• The input:

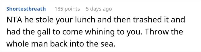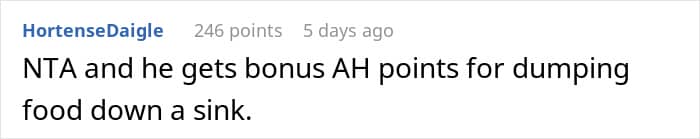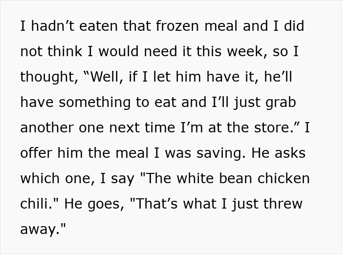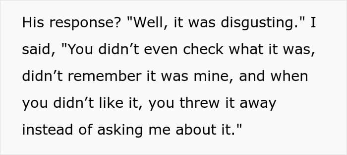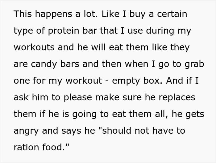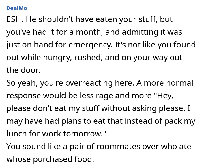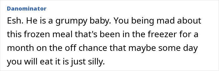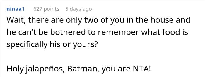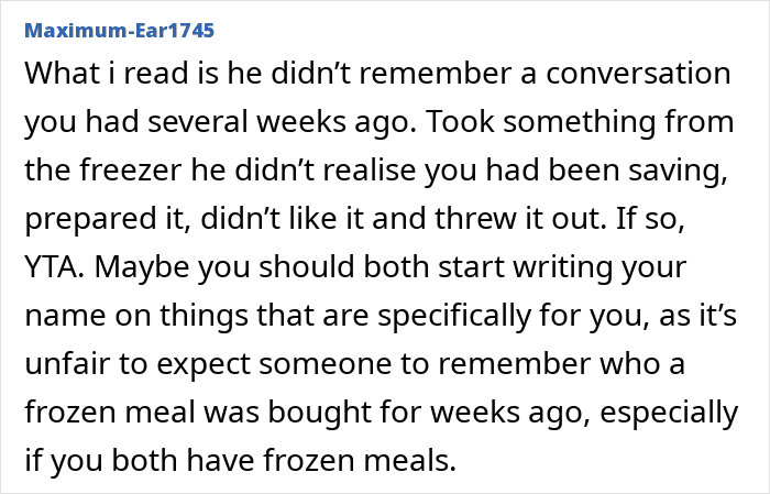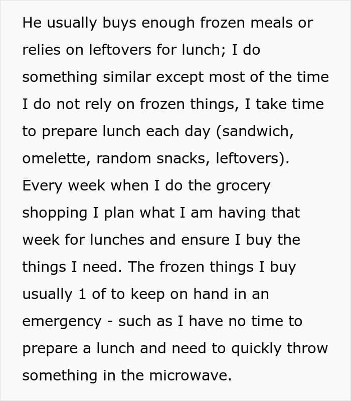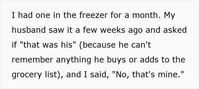 No_Sherbert_7460 also found it interesting how many commenters couldn’t understand why a married couple might have separate food. “Here’s the deal – we do not like the same things. And, I know there are certain things that he really enjoys, and I could take them or leave them,” the author explained. “Knowing that he really enjoys that one flavor of ice cream, and I am ‘meh’ about means I won’t touch it since I knew he bought it for himself. If I really want it, I ask first. That is just courtesy. I wouldn’t take his car without asking first, why would I assume anything different with his food?”
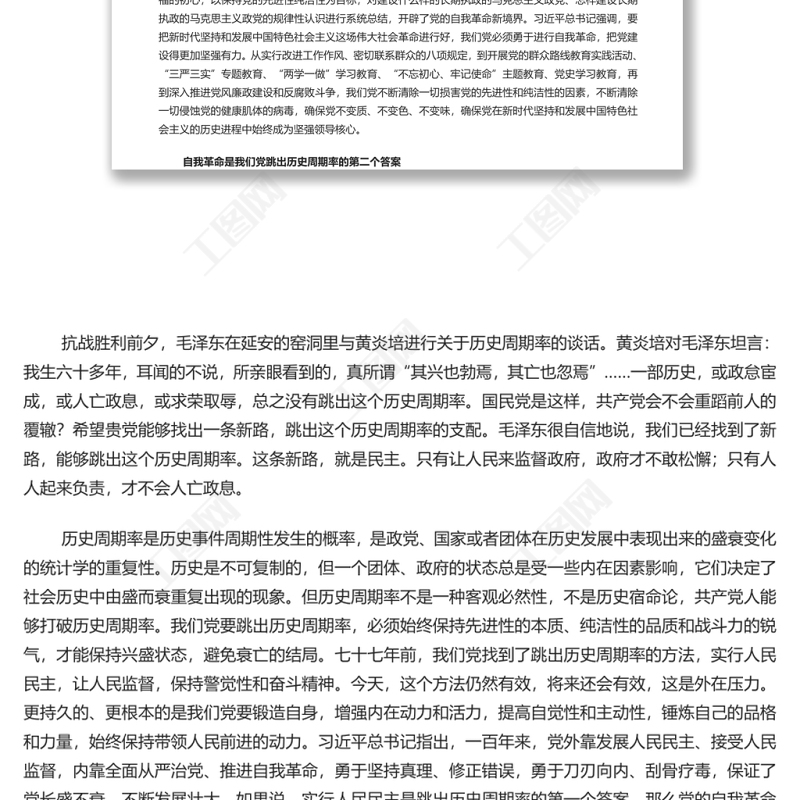 工圖網(wǎng)提供依靠黨的自我革命跳出歷史周期率 黨員干部學(xué)習(xí)教育專題黨課演講稿供會(huì)員免費(fèi)下載。更多精彩黨課PPT素材,盡在工圖網(wǎng)。
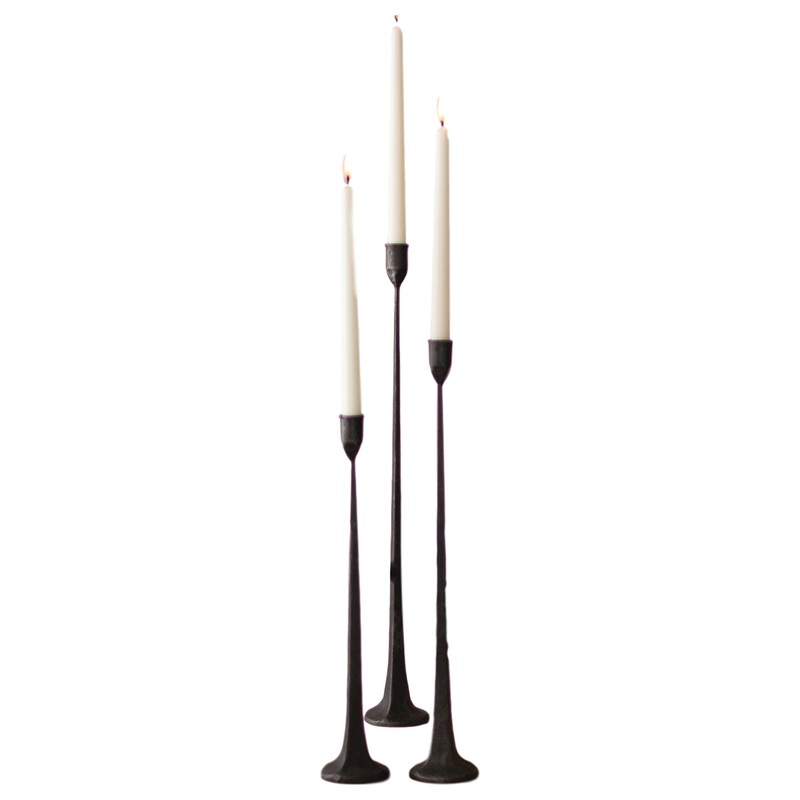 Tall Cast Iron 3-Piece Set Black Candlesticks Taper Candle Holder Elegant Slim – Contemporary – Candleholders – by My Swanky Home
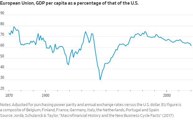 PIB per capta na União Europeia em relação ao PIB per capta dos Estados Unidos
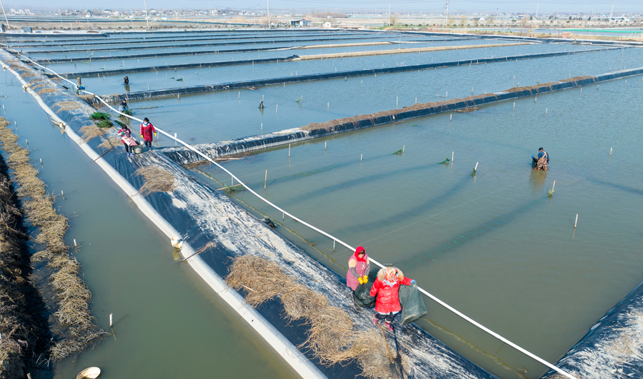 江苏兴化:万亩蟹塘水上“春耕”忙
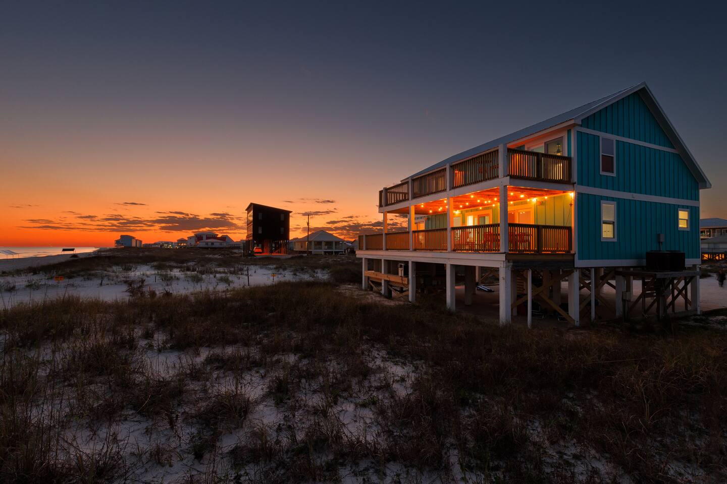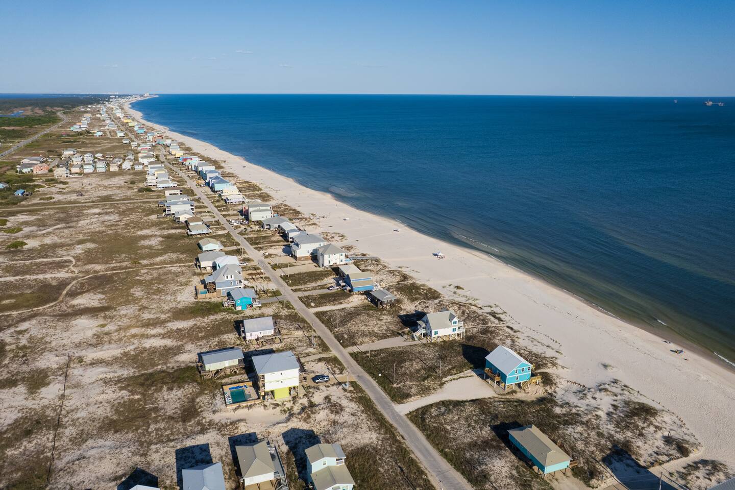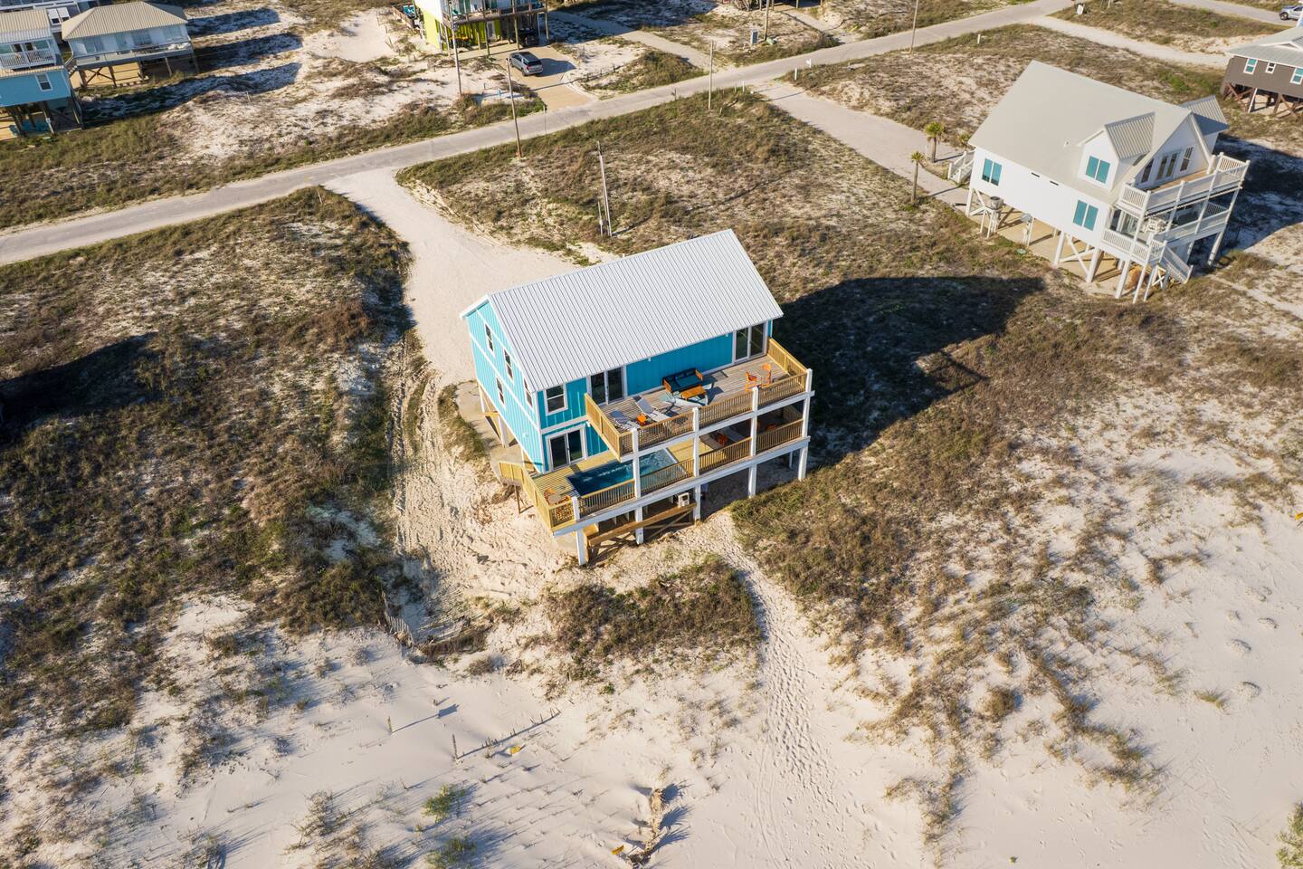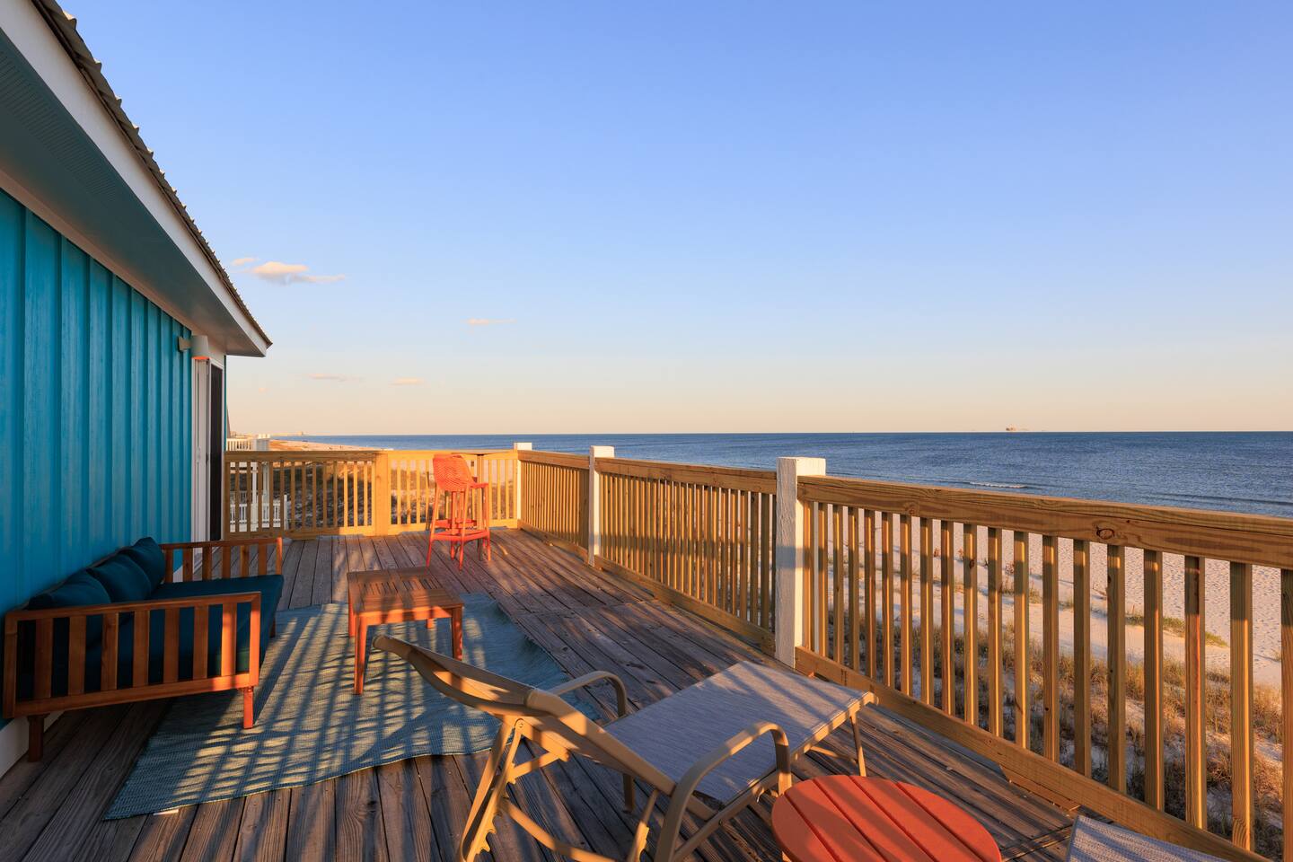 Gulf-Front Luxury with Private Pool & Sunset Views from Every Room Fully renovated in 2025, this stunning beachfront home in Gulf Shores offers the ultimate coastal escape for families, friends, and your four-legged crew. Wake up to endless Gulf views from every room, step directly from your deck onto the sand, and spend your days floating between the beach and your private heated pool. This is true Gulf-front living—where the sound of waves is your constant companion and sunset swims are just part of the daily routine. WHAT MAKES THIS HOME SPECIAL ✔ Direct beachfront—step from your deck straight onto the sand ✔ Unobstructed Gulf views from every single room ✔ Private heated pool on the deck for post-beach cooldowns ✔ Fully renovated in 2025 with coastal-chic design ✔ Dog-friendly—bring the whole pack THE SPACE Your two expansive Gulf-facing decks are where you'll spend most of your time. Start mornings with coffee and front-row sunrise views, gather for alfresco dinners at the outdoor table, or pull up a seat at the high-top pub seating with a cold drink as the sky turns pink and gold. When you need to cool off, dive into your private pool without ever leaving the view. And when the beach calls? You're already there—just step off the deck onto the sand. Inside, the fully stocked kitchen makes meal prep effortless, whether you're blending morning smoothies or prepping a seafood feast. The dining table has room for everyone, and the living room invites you to sink into the cognac leather sofa surrounded by boho-chic accents. Stream a movie on the 65" Smart TV or leave the windows open and let the sound of the waves be your entertainment. Rinse off the salt and sand in the outdoor shower, then decide whether your next move is the pool, the deck, or straight back to the beach. WHERE EVERYONE SLEEPS Main Floor: 2 Gulf-front king suites with deck access, 50" Smart TVs Upstairs: 2 Gulf-front king suites with deck access, 50" Smart TVs Upstairs: 1 bunk room with queen-over-twin and twin-over-twin bunks—perfect for kids As of 2025, every bed and mattress is brand new. Four full bathrooms (two per floor) with spa-inspired showers, plush towels, and boho decor throughout. GOOD TO KNOW ✔ Beach chairs, toys, and wagon included ✔ Private outdoor shower ✔ Washer and dryer in-unit ✔ Central A/C for year-round comfort ✔ Fast Wi-Fi for streaming or staying connected ✔ Dining favorites 5 minutes away (Tacky Jacks, Jessie's, Sassy Bass) ✔ Downtown Gulf Shores 20 minutes down the coast ✔ Fort Morgan's quieter, family-friendly vibe with easy access to everything POOL HEATING Want to swim even when it's cooler outside? Pool heating is available for $75/day and typically maintains a comfortable 80–85°F depending on the weather. Just let us know after booking, and we'll have it ready for your arrival. BOOK YOUR ESCAPE This is the kind of place where you lose track of time—where days blur into a perfect rhythm of beach, pool, deck, repeat. Whether you're here for a family reunion, a friends' trip, or just to unplug and recharge, this Gulf-front home delivers the vacation you've been dreaming about. Availability fills fast—check your dates now. Rose & Doug Waves & Wilderness
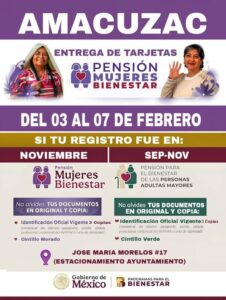 Del 3 al 7 de febrero, se realizará la entrega de tarjetas de la Pensión Mujeres Bienestar en José María Morelos #17 (Estacionamiento del Ayuntamiento).
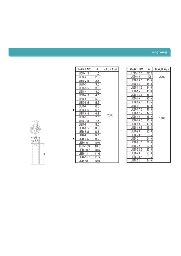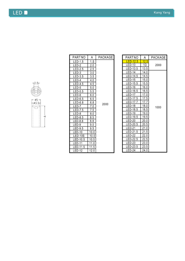 Podstawka pod diodę LED5, wysokość A=5.0mm, bezbarwna

• Exercise prompt:
Only the lines from the first line of the listing above through the line with "Tall Cast Iron" should be set down, exactly and without pictures.

• Solution:
 No_Sherbert_7460 also found it interesting how many commenters couldn’t understand why a married couple might have separate food. “Here’s the deal – we do not like the same things. And, I know there are certain things that he really enjoys, and I could take them or leave them,” the author explained. “Knowing that he really enjoys that one flavor of ice cream, and I am ‘meh’ about means I won’t touch it since I knew he bought it for himself. If I really want it, I ask first. That is just courtesy. I wouldn’t take his car without asking first, why would I assume anything different with his food?”
 工圖網(wǎng)提供依靠黨的自我革命跳出歷史周期率 黨員干部學(xué)習(xí)教育專題黨課演講稿供會(huì)員免費(fèi)下載。更多精彩黨課PPT素材,盡在工圖網(wǎng)。
 Tall Cast Iron 3-Piece Set Black Candlesticks Taper Candle Holder Elegant Slim – Contemporary – Candleholders – by My Swanky Home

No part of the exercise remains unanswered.